- EXERCISE REQUIREMENTS:
Taking the line with "Команда юношей СОШ" as the first and the line with "Papier peint à" as the last, set down the lines below exactly, pictures excluded.

- DATASET:
..............................
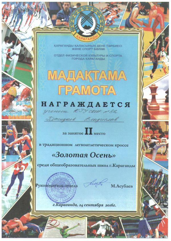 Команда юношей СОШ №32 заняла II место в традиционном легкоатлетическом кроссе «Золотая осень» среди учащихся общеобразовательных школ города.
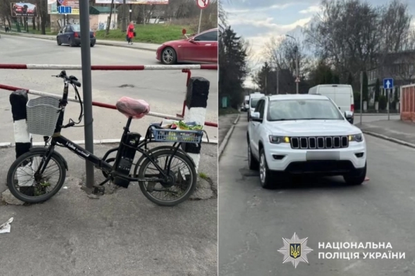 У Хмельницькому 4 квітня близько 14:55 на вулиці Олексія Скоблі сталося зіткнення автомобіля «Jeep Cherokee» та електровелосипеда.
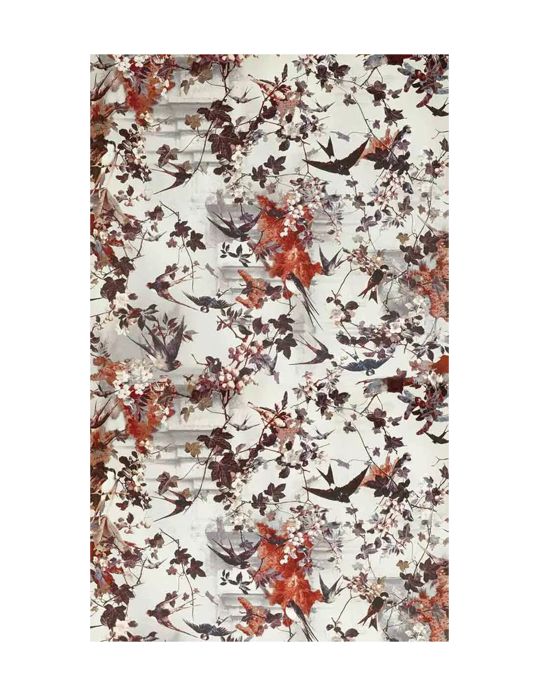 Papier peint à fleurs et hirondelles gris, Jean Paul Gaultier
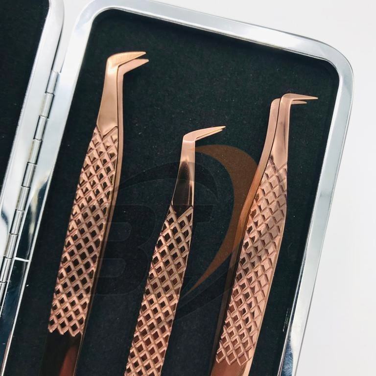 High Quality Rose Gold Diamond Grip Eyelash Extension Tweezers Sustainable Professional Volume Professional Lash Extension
..............................
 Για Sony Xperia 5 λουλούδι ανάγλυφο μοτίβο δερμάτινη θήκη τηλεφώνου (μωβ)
..............................
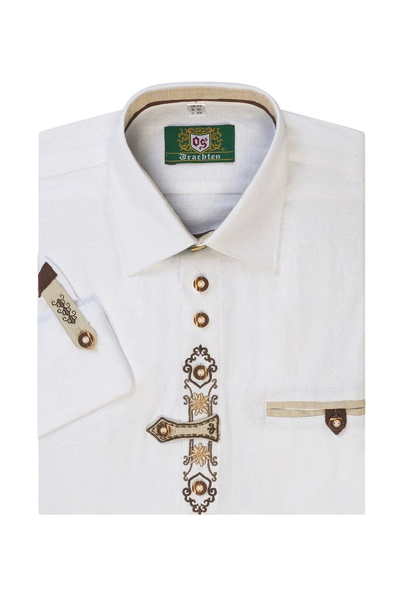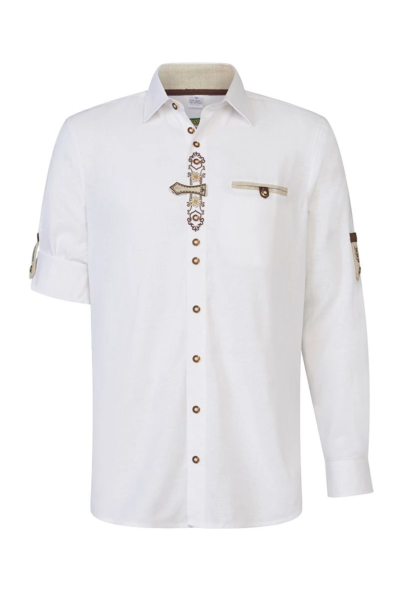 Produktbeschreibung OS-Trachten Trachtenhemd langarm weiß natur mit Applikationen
..............................
- TASK RESPONSE:
 Команда юношей СОШ №32 заняла II место в традиционном легкоатлетическом кроссе «Золотая осень» среди учащихся общеобразовательных школ города.
 У Хмельницькому 4 квітня близько 14:55 на вулиці Олексія Скоблі сталося зіткнення автомобіля «Jeep Cherokee» та електровелосипеда.
 Papier peint à fleurs et hirondelles gris, Jean Paul Gaultier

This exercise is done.